Challenge 2: Personalized code generation and Inverse Scaling
LLMs are great at suggesting the most acceptable solutions because that solution was more frequently observed in the training dataset. But sometimes, the most acceptable solution may not be the correct solution. For example, in a world where APIs keep getting depreciated regularly, LLMs are at a natural disadvantage because they have been trained more on the depreciated APIs than the latest APIs. See the following screenshot where GPT-4o was asked for a simple script to determine the row height of a string with newlines in PIL (an image library in Python):
Challenge 3: The Last Mile Problem
Around mid-2023, we started seeing some of the cool demos of agents who can do end-to-end development. The Supercoder from SuperAGI and GPT-Engineer were some of the early players in this area. However, most of these projects were trying to create a new application from scratch. In other words, they were solving for the first mile. Creating a new application looks cooler than making incremental changes, but the latter is the more frequent use case and hence it has a larger market size. These projects were aimed at creating from scratch because it is an easier use case, as the LLMs are free to choose their own stack and design paradigms. However, in 2024, we are seeing startups that are more focused on making changes/additions to existing applications. The reason this is happening so late is that it was simply not possible for LLMs to understand a huge codebase and build on top of it.

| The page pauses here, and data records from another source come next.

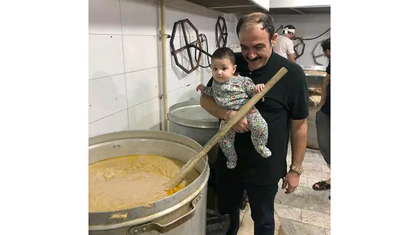 مهران غفوریان همراه دخترش پای دیگ نذری + تصویر
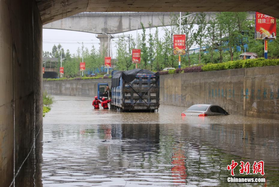 5月7日早上,暴雨致桂林内涝车辆被淹,消防官兵紧急营救出多名被困人员,包括两名自驾游北京女子。 中新社记者 李宗臻 摄
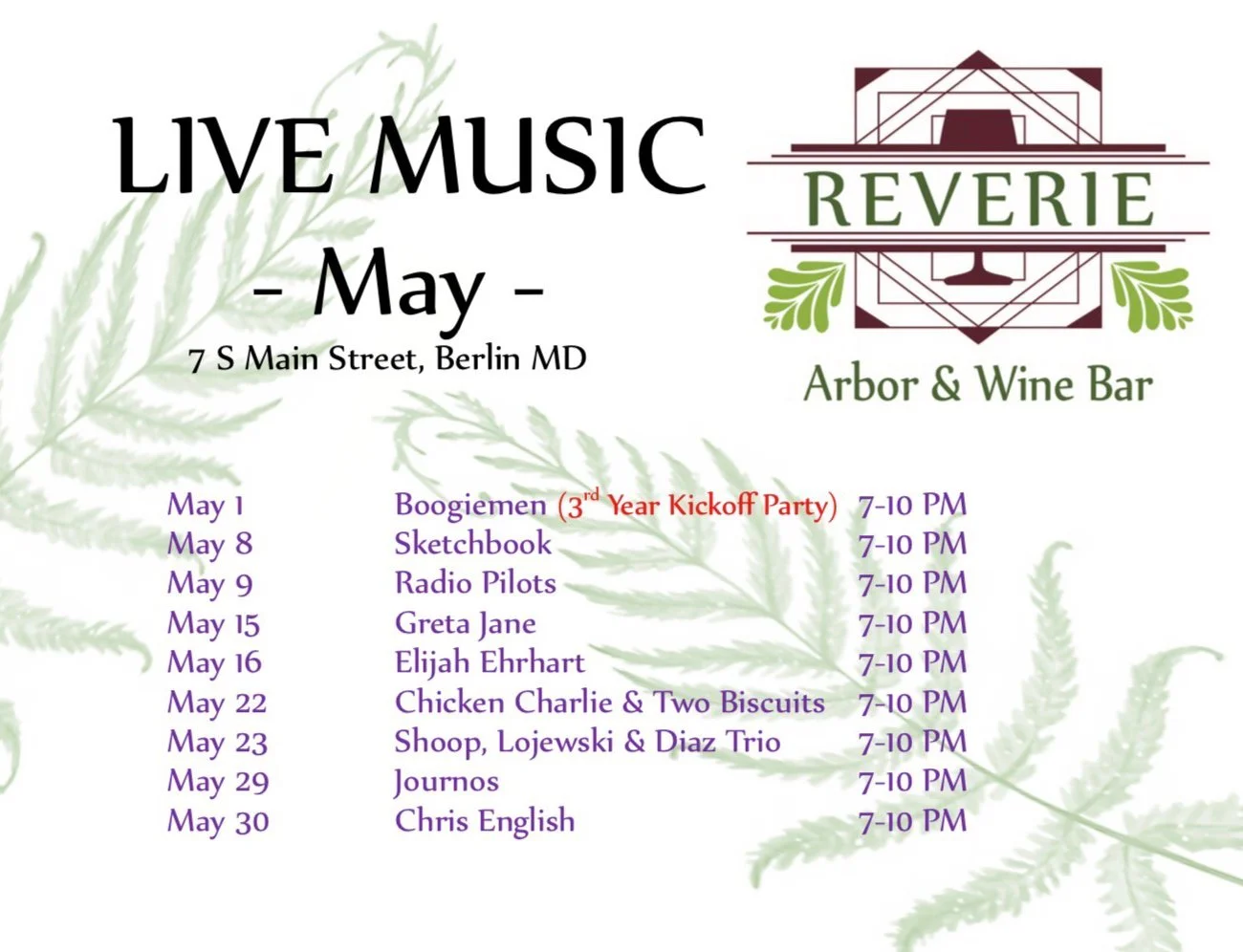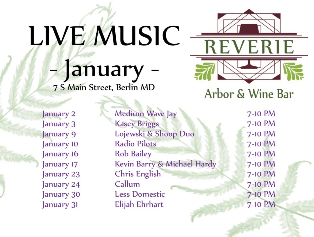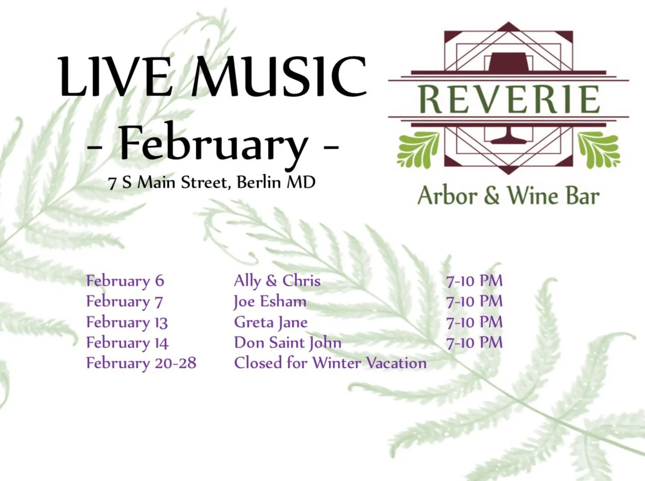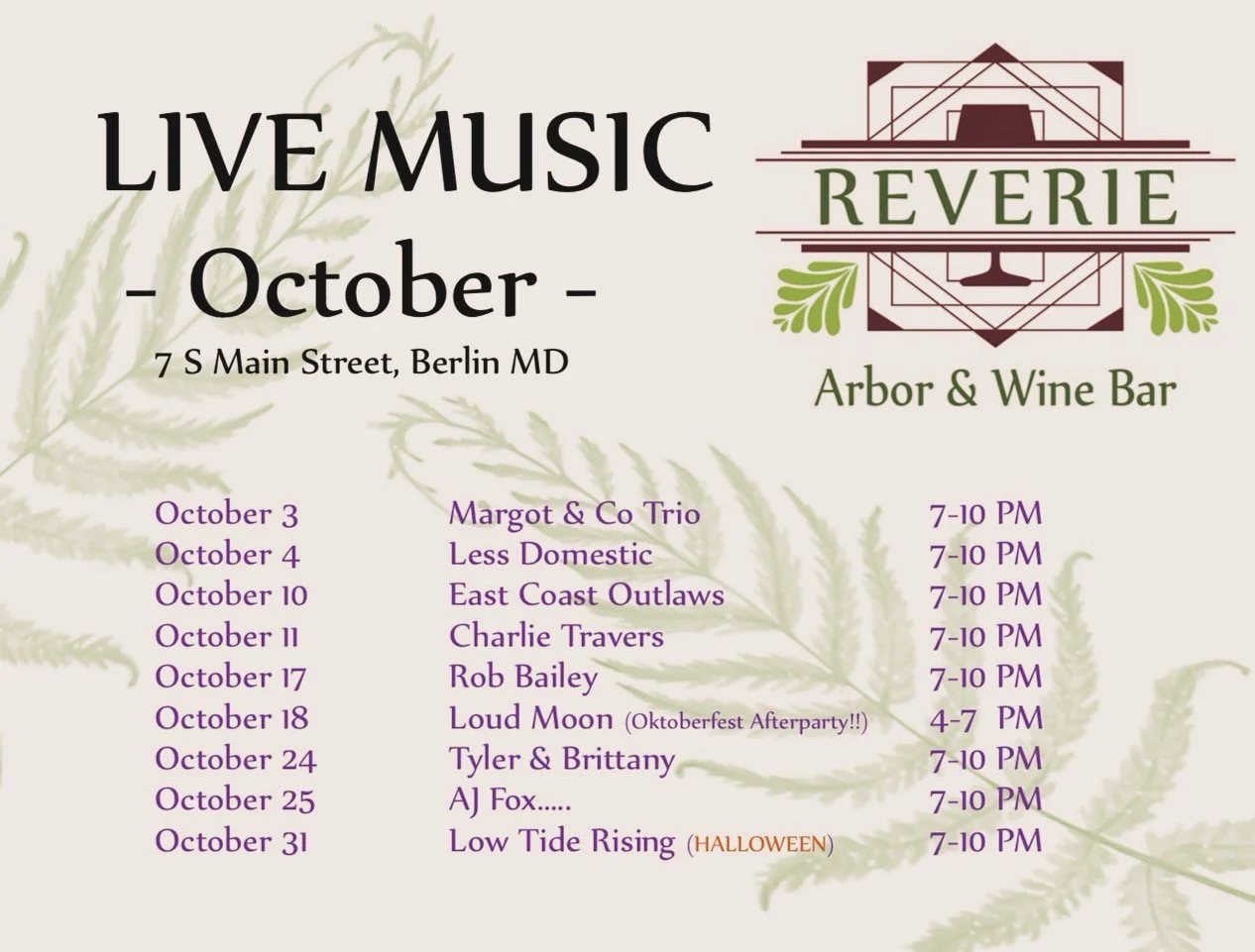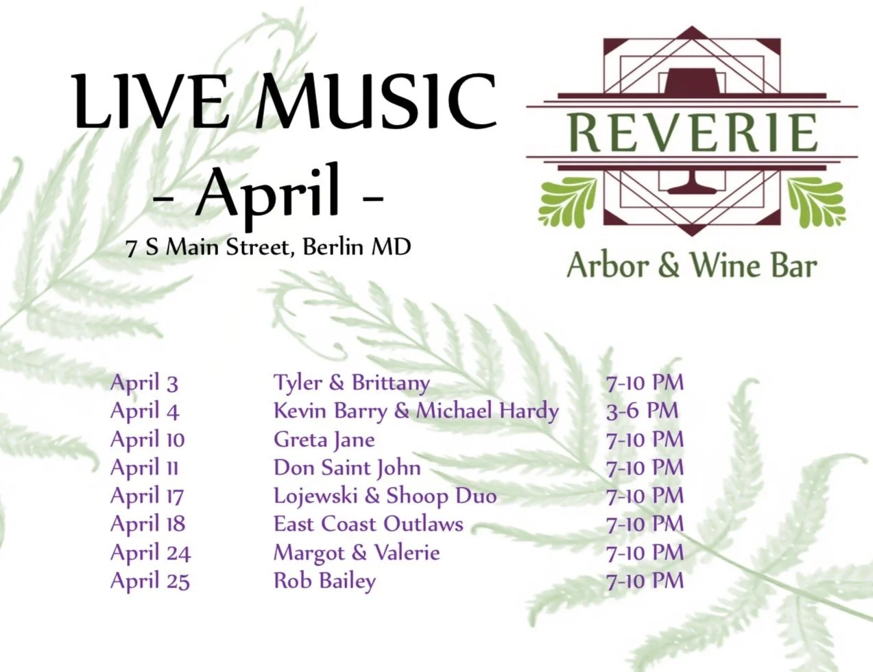 Nestled in the heart of Berlin, Maryland, Reverie Wine Bar offers a warm and cozy retreat for wine lovers and casual visitors alike. With an inviting atmosphere, eclectic décor, handcrafted meals, and a carefully curated selection of local and international wines, it's the perfect place to unwind after a busy day. With live music every weekend, all are invited for a magical experience.

But today, we have smart models with large enough context lengths, and we also have techniques like RAG and repository maps to aid in code generation in existing projects. But all of the above still doesn’t guarantee that the incremental changes made to the codebase will work on the first try. An interesting idea (reiterated by Andrej Karpathy here) is around the concept of flow engineering, which goes past single-prompt or chain-of-thought prompt and focuses on the iterative generation and testing of code.

Are agents the enduring solution to Autonomous Development? Or do we need code-specific models?
Theoretically, using a code-specific model makes sense, especially when we are trying to optimize for production-ready solutions which must have low latency. When the domain is limited, smaller models have always been able to match the performance of general models. The reason why very few players are going for this approach is two-fold:- Empirically, we have seen successful apps like Cursor and Devin which are built on top of generic GPT models, not code-specific models.
- Training a new model is a capital intensive task. The core question here is whether a new team can out-pace frontier model improvements. The base model space is moving so fast that if you do try to go deep on a code-specific model, you are at risk of a better base model coming into existence and leapfrogging you before your new model is done training.